«Rheinhattan»: Aufwertung heisst Verdrängung

Unter diesem Titel ist in der aktuellen Ausgabe des mozaik, der Quartierzeitung für das Untere Kleinbasel, ein Artikel von „Rheinhattan versenken!“ erschienen:

Im Klybeck regt sich Widerstand gegen die geplante Neubauinsel. Unter dem Namen «Rheinhattan versenken!» organisieren sich seit einigen Monaten Betroffene und Sympathisierende mit dem Ziel, das Grossprojekt zu verhindern – hierarchiefrei und ausserhalb staatlicher Gremien.

Die Aufwertung des ehemaligen Hafenareals würde indirekt zu einer Verteuerung des Klybecks und damit zu steigenden Mieten führen.

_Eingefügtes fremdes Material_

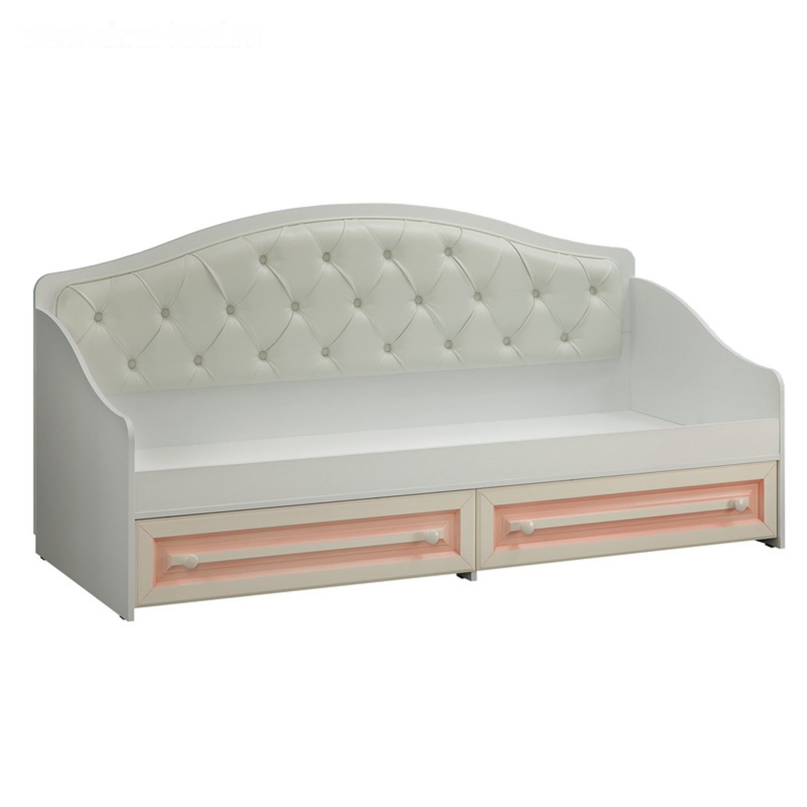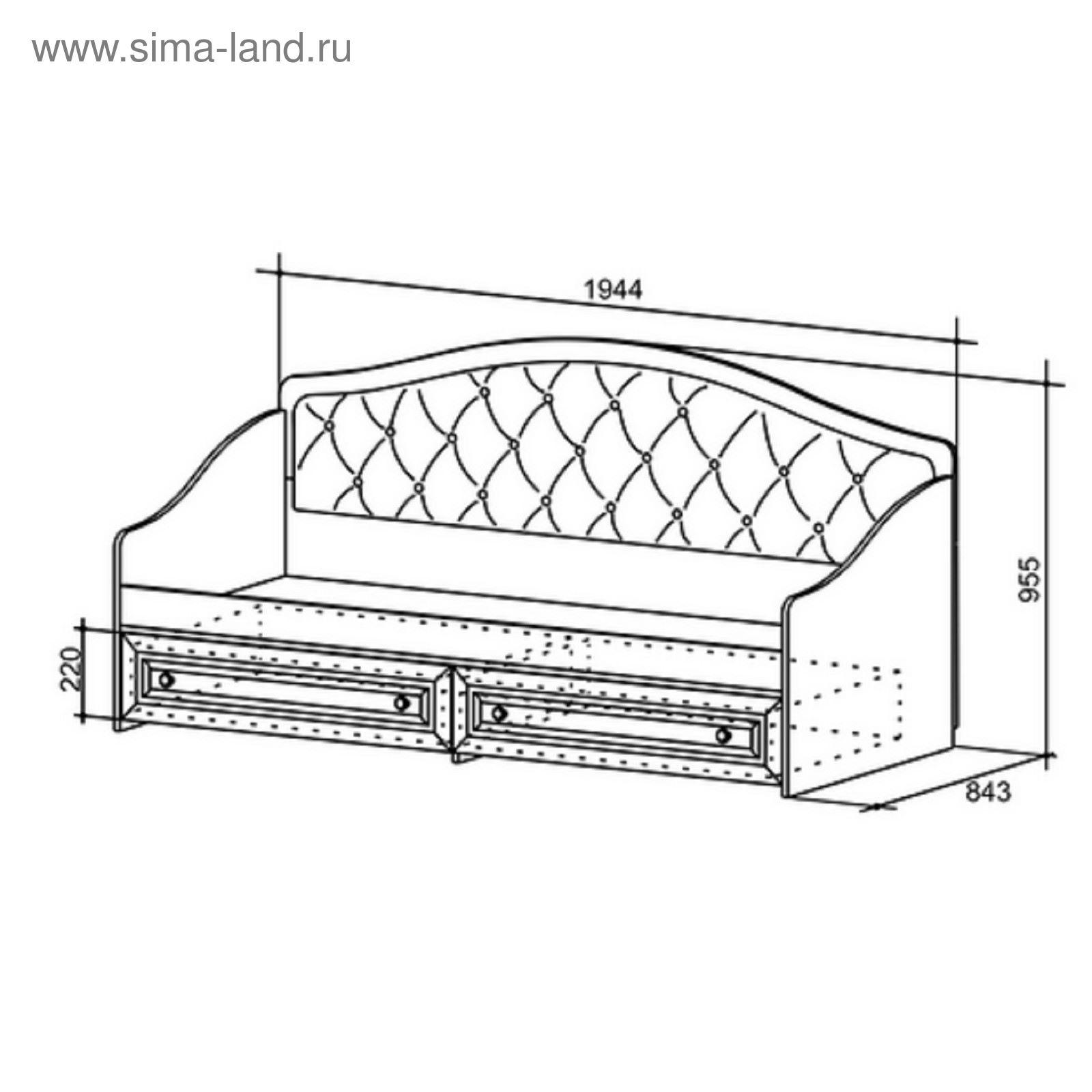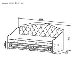 Софа практична и удобна в использовании. Помимо спального места, она имеет два выдвижных ящика для хранения постельного белья, подушек и одеял. Спинка украшена каретной стяжкой из экокожи.
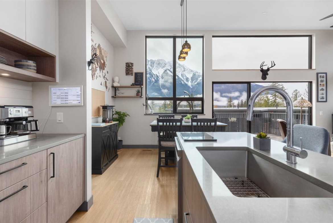 Welcome to Elevate. This spacious end-unit duplex sits in a superior location, offering privacy and unobstructed Mount Currie views. The open, bright main living area flows onto a generous view deck, while the lower level provides flexible space for work, play, or guests. The primary bedroom features a large walk-in closet with barn door and a luxe ensuite. Upgrades include glare reducing window film, solar and remote controlled shades, oak window sills, and a ceiling fan. The kitchen offers an induction oven and newer dishwasher, with a pantry and wine cellar added under the stairs. Additional features include a fenced back patio, EV charger, and upgraded wooden garage shelving. Designed for comfort, storage, and year round living.
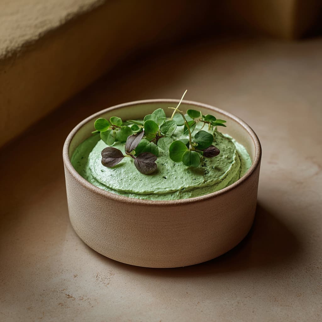 Delicious as a dip or a refreshing topping for vegetables, fish, or wraps. A fresh, soft basil cream with yogurt and herbs — light, pure, and perfect as a topping or dip.
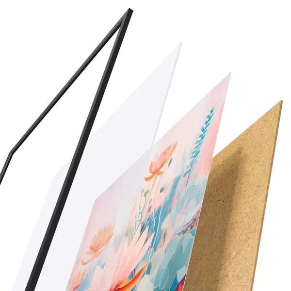 Plakat koosneb raamist, pleksiklaasist, trükitud pildist ja puitlaastplaadist alusplaadist. Tänu tagaküljel olevatele kinnitustele saab plakati kohe seinale riputada.
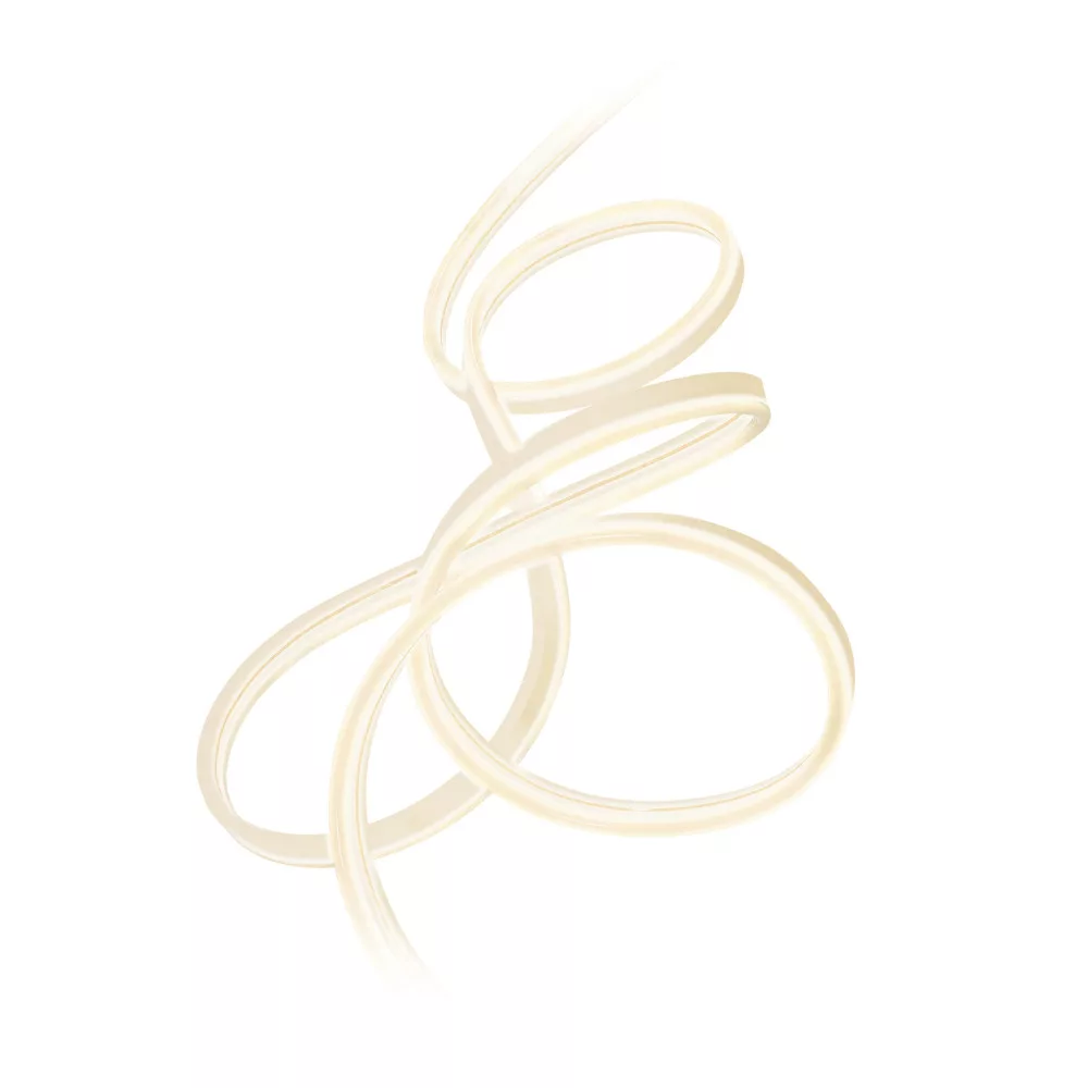 A(z) LEDVANCE NEON FLEX kültéri LED szalag, 19 W fogyasztás mellett 1000 lm fényerőt biztosít, 3 m hosszúsággal, meleg fehér fénnyel, IP44 védelemmel, neon-hatású fénysávval.
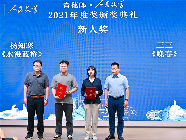 作为近年来引人注目的青年作家,杨知寒在《水漫蓝桥》等短篇小说创作中逐渐走出了自身的圈层所限,使自己正在经历和经历过的生活,不再是写作的唯一素材来源,而是放飞想象力、扩展生活边界、打开广阔创作视野、在有限篇幅里编织一个个可以供人遐想的氛围,不断发现自我,也发现他人,隔空取暖,打造信任,积累更多人格力量,给受众带来阅读的自由与快乐。有鉴于此,特授予杨知寒2021年度青花郎?人民文学奖新人奖。
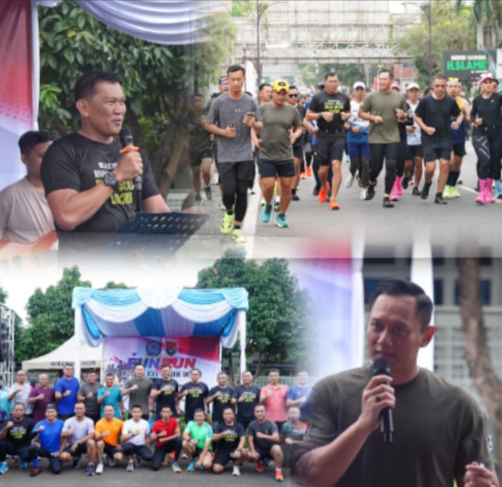 Bersama Menteri Koordinator Infrastruktur dan Pembangunan Republik Indonesia H. Agus Harimurti Yudhoyono, M.Sc., M.P.A., M.A., prajurit Kodam XXI/Radin Inten beserta jajaran mengikuti kegiatan olahraga bersama di Kota Bandar Lampung, Selasa (14/10/2025).
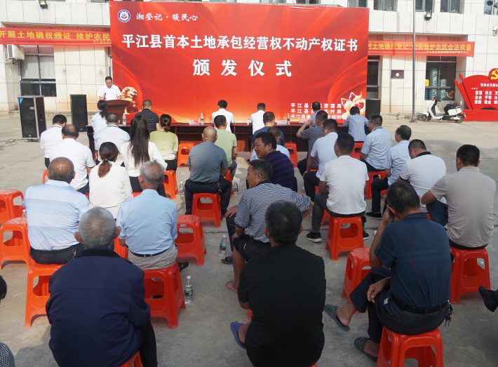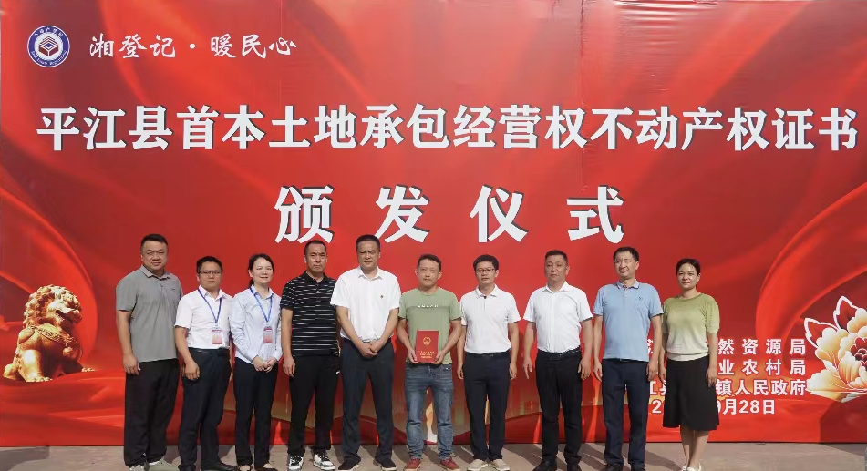 近日,平江县首本土地承包经营权不动产权证书颁发仪式在童市镇童坪村举行,这标志着我县土地承包经营权由分散登记进入统一登记时代,开启了不动产统一登记的新起点。
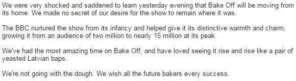 I am disappointed that it's leaving the BBC where it sat very well but sadly it's a done deal.Have any of the presenters said they won't be moving with the show? They'll be doing the same job but no doubt for a much larger pay packet. Of course there will be advertisements but they'll be shown in between each round, they won't interfere with the baking bits. It may be a disaster, who knows what tomorrow brings but I'm certainly willing to give it a try. |

Das Resultat wäre die Verdrängung derjenigen, die sich jetzt schon nach der Decke strecken müssen, und das Auseinanderbrechen der gewachsenen sozialen Strukturen im Quartier. Massenkündigungen, Totalsanierungen und Mieterhöhungen lassen sich hier bereits heute beobachten und würden mit dem Bau der Insel endgültig zur Normalität. Ein prestigeträchtiges Öko-Quartier («Greenhattan») würde daran nichts ändern: Es würde ebenfalls Verdrängung verursachen – abgesehen davon, dass der neue Wohnraum teurer als der bestehende wäre und damit alle mit wenig Geld per se ausschliessen würde.

Zusätzlich zum Wohnraum soll unter anderem ein neues Containerterminal gebaut werden, um im Hafen mehr Waren umschlagen zu können. Bezahlen sollen das die InvestorInnen, die man sich für «Rheinhattan» verspricht. Es geht um handfeste wirtschaftliche Interessen. So richtet sich die grenzüberschreitende «3Land-Vision» denn auch an die gut ausgebildete Mittel- und Oberschicht und nicht an jene, die bereits hier leben. Was es heisst, wenn ein Stadtteil für diese «guten Steuerzahler» umgebaut wird, lässt sich derzeit im St. Johann rund um den Novartis Campus beobachten (Robi-Spielplatz etc.).
 
Mitwirkung bleibt eine Farce
Um Proteste zu verhindern, hat die Verwaltung eine «Begleitgruppe» ins Leben gerufen, in der QuartierbewohnerInnen das Gefühl vermittelt wird, mitbestimmen zu können. Es wird über Details diskutiert, die wichtigen Entscheidungen werden woanders getroffen. Fragen zum (Un-)Sinn des gesamten Projekts haben darin keinen Platz. Für wen ist dieses teure Neubauquartier und wer profitiert davon? Ist es nötig, immer mehr Waren zu produzieren und zu transportieren? Wie könnte eine Stadt jenseits ökonomischer Zwänge gestaltet werden, in der NachbarInnen sich gegenseitig helfen und frei über ihr Leben bestimmen können?
 
Schliessen wir uns zusammen, um uns gegen «Rheinhattan» zu wehren – damit wir alle hier wohnen bleiben können.